For one thing, it allows them time outside and moving. This increases the dopamine levels in the brain, which are responsible for feeling pleasure, the ability to plan, think, and function normally. Getting the body moving, and doing so outdoors if possible, will help boost this from the beginning.

Then, as they ease into the walk, you could even stop at particular intervals to do various calisthenic exercises, if they feel up to it. Try to read their feelings in situations like these. The mental benefits of even this basic adaptation can be huge.

If they’re still okay with doing a more focused workout though, try to incorporate what they enjoy. If they like to lift weights, do a basic lifting regimen that they can really sink their stress into. If they prefer aerobic exercise, try to find one that keeps their mind engaged.

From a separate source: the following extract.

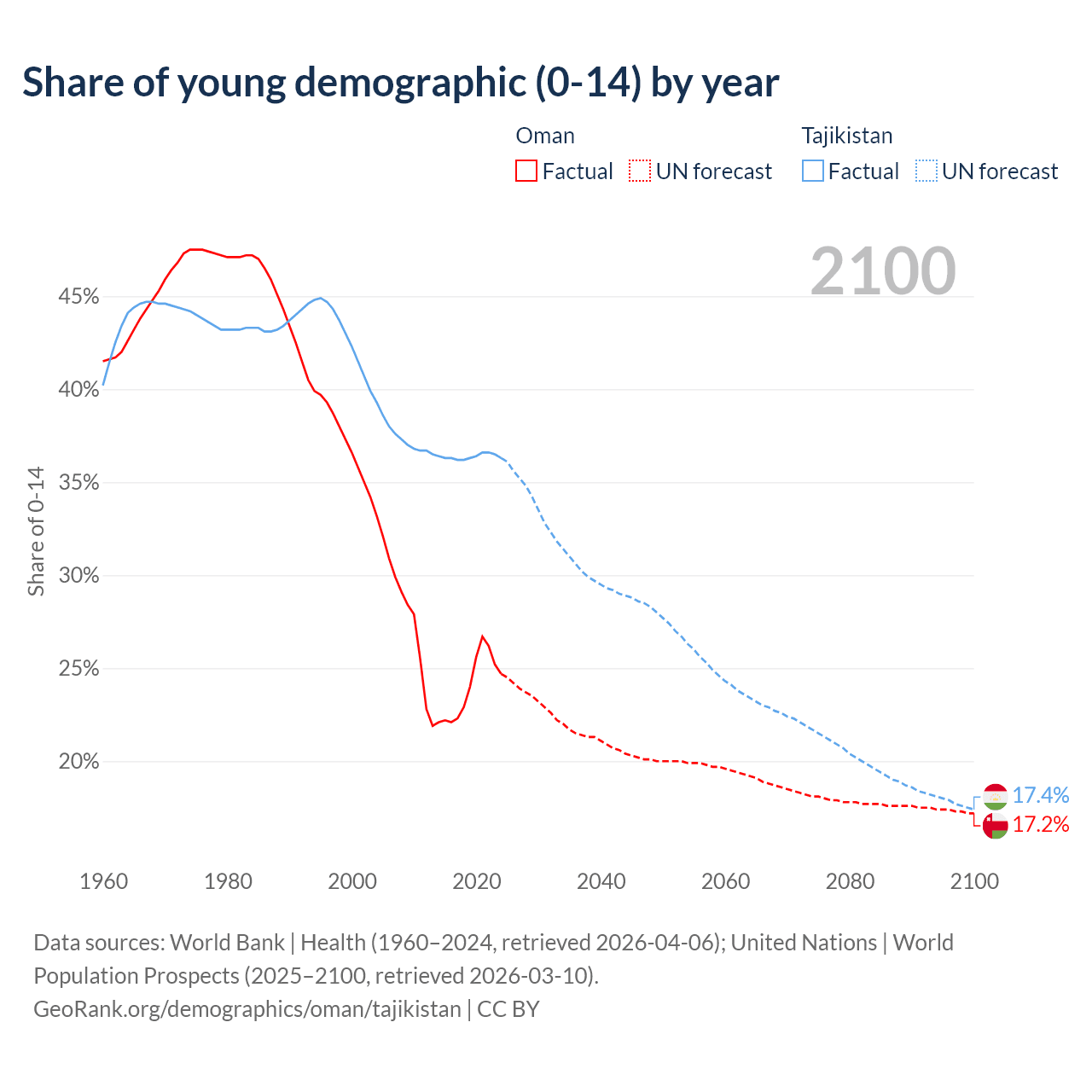 - The share of young demographic (0-15 years old) in Oman is 24.7% vs 36.3% in Tajikistan.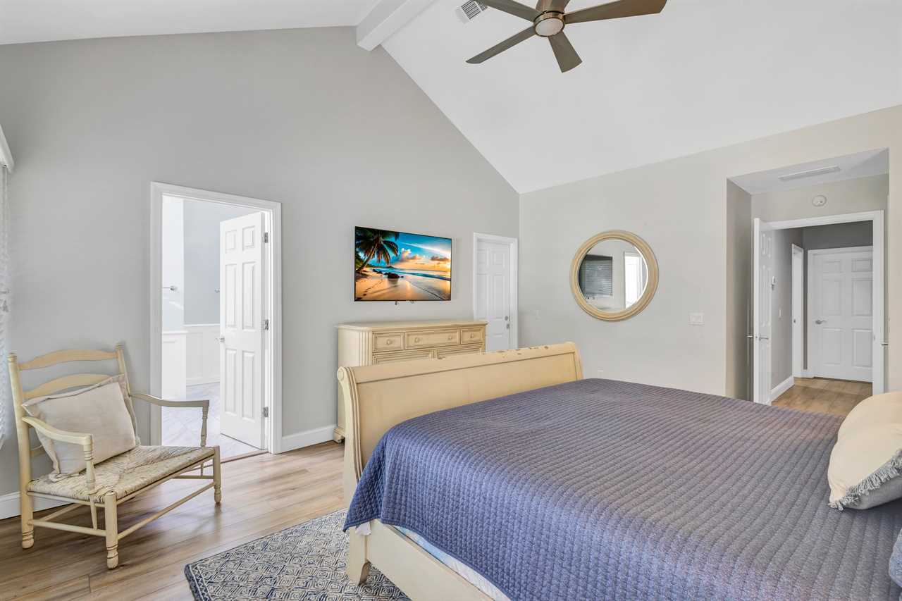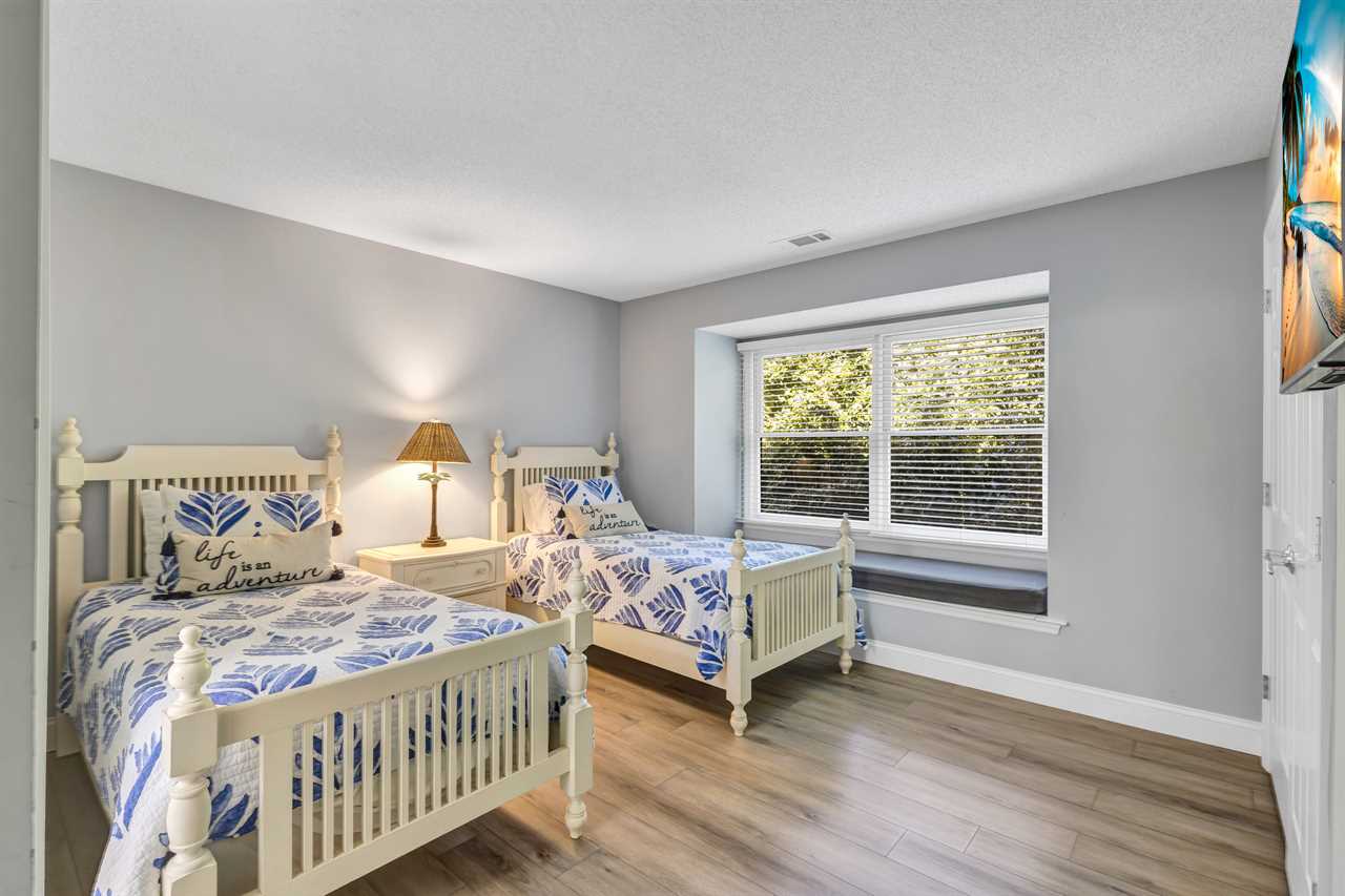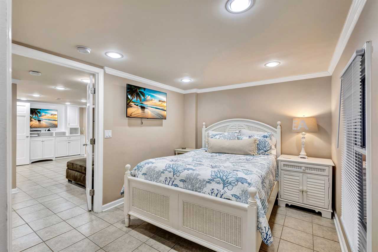 This home's thoughtfully arranged sleeping quarters ensure comfort and privacy for everyone. The first floor's layout features 2 luxurious primary suites with a king bed, TV, and en-suite bathrooms. Nearby, two additional bedrooms offer versatile sleeping options—one with a cozy queen bed and another with two twin beds, each with its own TV. The hall bathroom with a walk-in shower and double vanity is conveniently located for easy access.

Exercise is nice because once they start doing it and feel the positive energy, likely they will continue. Working out can be an incredible boon to the mood, and you should never take that for granted.

Empathy, Empathy, Empathy…

When it comes down to it, one of the most frustrating components of mental health problems is that they are invisible. A person can appear perfectly healthy yet have an issue that prevents them from succeeding.

It can be difficult to tell the difference between people who need a firm hand and those who need you to lay off a little bit. This is where emotional intelligence and communication come into the picture.

This is another reason that you need to really get to know your clients. Make them feel comfortable and allow them to be vulnerable. If you have had personal experiences with mental health issues, be it your own or someone close to you, you might try sharing.

Mental health is an essential component of overall wellness. Unfortunately, it still faces many stigmas to this day. The best way to move forward is with empathy and compassion—treating others as you would want to be treated.